Preston Russell Law - Legal Services for Southern People

A Fair and Reasonable Process

Saturday, November 13, 2010 by Brian Richardson, HR Adviser category Work to Rule

For a long time, it seems for ever, the bane of an employer’s life seems to have been that they are bedeviled by process. What is the correct process to be followed in a redundancy situation? What is the correct process to be followed in a disciplinary situation? There is nothing in any legislation that tells you what you have to do.

Mary-Jane harps on incessantly about it, and she is right to do so.

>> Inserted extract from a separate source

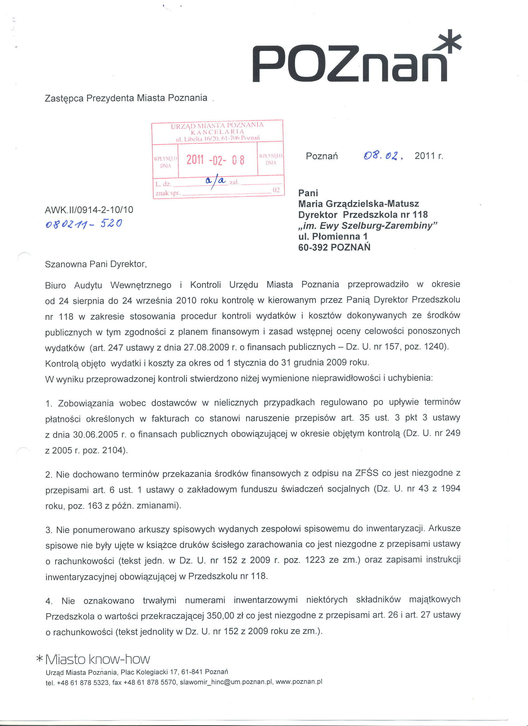 Informacja pobrana do BIP automatycznie z elektronicznego systemu zarządzania dokumentacją Urzędu Miasta Poznania.
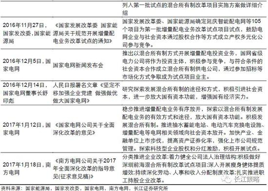 2015年新电改伊始,电改最高指导文件9号文即确定鼓励以混合所有制方式发展配电业务,配电和混合所有制在政策文件中首次关联在一起。进入2016年末,随着9月发改委会议开展国有企业混合所有制改革工作专题会议,明确在电力领域开展混合所有制改革之后,混改在电力行业内迅速升温,国家发改委、国家能源局、国家电网、南方电网在多次会议及政策中反复提及,以混合所有制开展增量配电业务。两大电网公司亦于2017年开年的1号文件表示推进混合所有制发展配电,毫无疑问,电网企业与社会资本通过股权合作等方式成立混合所有制公司参与增量配电业务,是电网混改的核心主线。

However, there maybe light at the end of the tunnel.

 

It would seem that with a proposed change to the Employment Relations Act 2000, there maybe some written guidance for employers and employees within the Act, rather than having to rely on previous Court decisions which maybe difficult to find and difficult to apply appropriately.
There is a current proposal to set out a minimum set of requirements for a fair and reasonable process; these are:
(a)         The employer’s processes will not be subject to pedantic scrutiny;
(b)         An employer’s resources will be taken into account;
(c)         The Employment Relations Authority and the Employment Court will consider whether a process has been fair and reasonable taking account of the following:
(i)                whether the employer has properly investigated the allegations
(ii)               whether the employer’s concerns have been properly communicated to the employee;
(iii)              whether the employee has had a reasonable opportunity to respond to any concerns the employer raised;
(iv)             whether the employer has considered (with an open mind) the employee’s explanation(s) before making a decision;
(v)               whether as a result of any deficiencies in the process undertaken by the employer there was a probability that the employee was unjustly treated.
It seems to me that the government is trying to move from a judgment system mainly based on process to a judgment system based more upon the merits of a case. This is to be applauded especially when taken in concert with the previously discussed change to section 103 A where the employer will be judged upon what a fair and reasonable employer could have done rather that the current, rather restrictive situation, where they are judged on what a fair and reasonable employer would have done.
In all probability these changes will mean that an employers actions will be judged more against the particular facts of the case, rather than the application of a generic procedural approach.
With respect to redundancy situations the proposed change will not take away the requirement that consultation is mandatory in all redundancy situations.
We will keep you informed of when and how these changes will be implemented.